Directions: In the listing that follows, give every line again exactly and omit the pictures.

Given information:
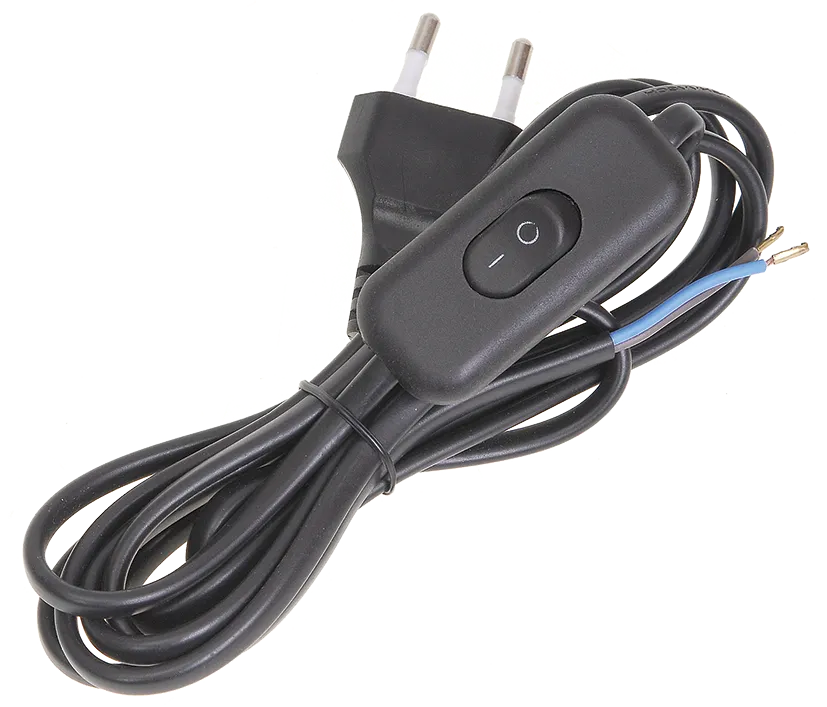 Шнур УШ-1КВ опрессованный с вилкой со встроенным выключателем 2х0,75/2метра, черный ИЭК
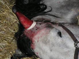 a oškrábal a vyříznul i to co bylo v pořádku okolo, takže za 14 dní mu začalo růst to samé ale vždy na větší ploše, navíc během operace se mu tam zanesla infekce (ani se nedivím, nebudu to rozvádět), takže ucho začalo hnisat, a kromě vyhozených peněz za 2 operace jsme tam kde jsme byli. Navíc ochranný obvaz mu vydržel asi 5 minut, pak vstal, oklepal se, obvaz byl dole a začala cákat krev, veterinář už byl za horama a my zůstali s krvácejícím koněm, který na sebe nechtěl nechat šáhnout sami. Radši nebudu popisovat jak se kůň během operace budil a házel s námi po stáji (vet odešel ven, radši nepomáhal, co kdyby se mu něco stalo, z koně stříkala krev
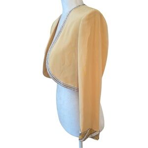 Oleg Cassini Black Tie Vintage Beaded Jacket Size 6 Yellow Evening Cocktail

Output for this exercise:
 Шнур УШ-1КВ опрессованный с вилкой со встроенным выключателем 2х0,75/2метра, черный ИЭК
 a oškrábal a vyříznul i to co bylo v pořádku okolo, takže za 14 dní mu začalo růst to samé ale vždy na větší ploše, navíc během operace se mu tam zanesla infekce (ani se nedivím, nebudu to rozvádět), takže ucho začalo hnisat, a kromě vyhozených peněz za 2 operace jsme tam kde jsme byli. Navíc ochranný obvaz mu vydržel asi 5 minut, pak vstal, oklepal se, obvaz byl dole a začala cákat krev, veterinář už byl za horama a my zůstali s krvácejícím koněm, který na sebe nechtěl nechat šáhnout sami. Radši nebudu popisovat jak se kůň během operace budil a házel s námi po stáji (vet odešel ven, radši nepomáhal, co kdyby se mu něco stalo, z koně stříkala krev
 Oleg Cassini Black Tie Vintage Beaded Jacket Size 6 Yellow Evening Cocktail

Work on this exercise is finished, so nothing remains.